One obvious test of progress lies in reducing the marked discrepancy between the proportion of Indigenous children who are forcibly separated from their families, compared to non-Indigenous children separated. The 2021 Family Matters report is not reassuring.

“Where policies adopt removal as the only or the first option, they will most likely be based on prejudices as unnoticed and as harmful as those that led to the Stolen Generations.”

In Australia last year over 20,500 Indigenous children – comprising 16 per cent of all Indigenous children – were in care, separated from their families. Over 17,000 of these children were permanently separated. Less than half were placed with Indigenous carers. In comparison with the children of non-Indigenous Australians, Indigenous children are ten times more likely to be taken into care. Despite commitments, this gap has deepened over the last ten years. As a result, in 2020 the National Agreement on Closing the Gap set a target of reducing the discrepancy by 45 per cent by 2031. On present trends, however, in ten years’ time not only will the gap grow, but the number of Indigenous children in care will rise by more than half.

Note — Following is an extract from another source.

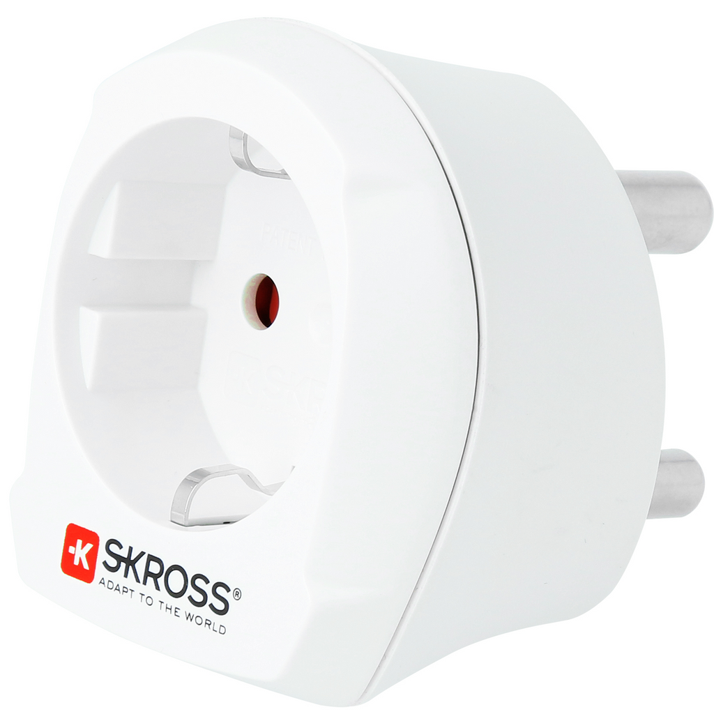 Den sydafrikanska uttagsstandarden används i 15 länder världen över. Denna SKROSS-adapter ger en säker och lätt anslutning för enheter med Schuko- eller Euro-plugg, även enheter som drar mycket effekt som laptop och hårtork.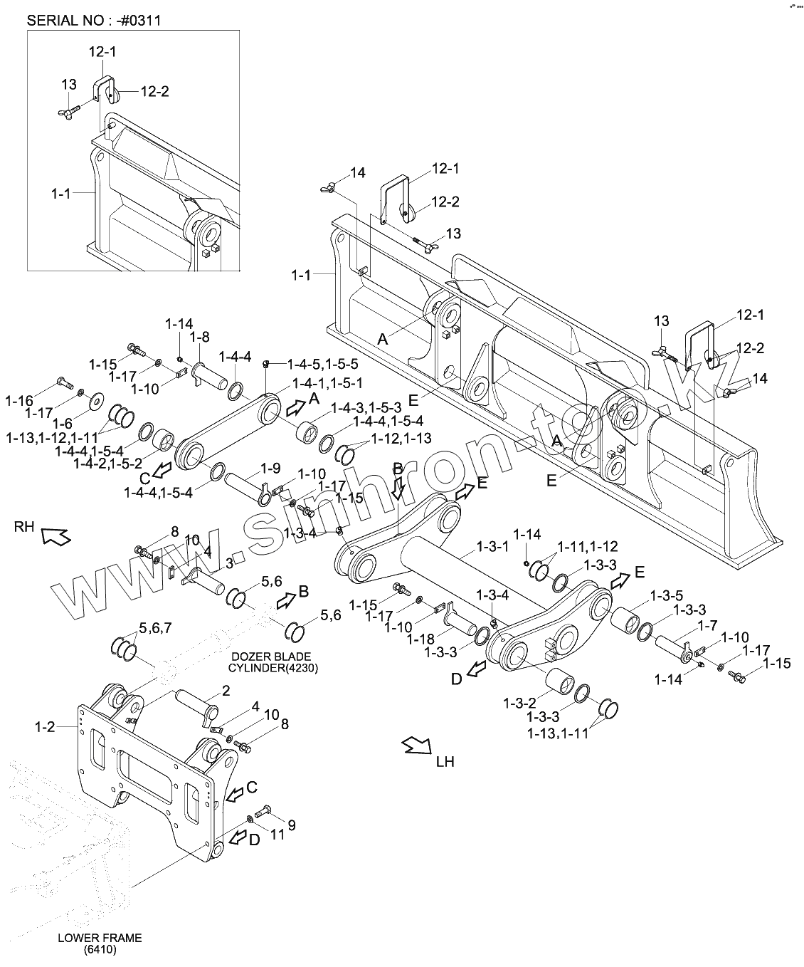 Каталог запасных частей к технике: Hyundai R180W-9S. DOZER BLADE-REAR

It is certain that to separate children from their family and culture has serious consequences for their development. Consequently, removal, and particularly permanent removal, must be a last resort. Government policy should always focus on addressing the reasons why children are at risk, and to help families and local communities to care for their children. Where policies adopt removal as the only or the first option, they will most likely be based on prejudices as unnoticed and as harmful as those that led to the Stolen Generations.

There are many reasons for this appalling sacrifice of another generation of children. The most telling statistic is that over 85 per cent of government funding of children at risk is spent on out of family care, and only 15 per cent on supporting communities and families to raise families well.

Effectively, removing Indigenous children from the parents is the solution of choice to family dysfunction.

A better way lies in Indigenous communities participating as partners, and not the object of care in the decisions that affect them, with an emphasis on prevention. In a word, a reversal of the paternalistic and discriminatory attitudes that have led to the disturbance to children’s lives.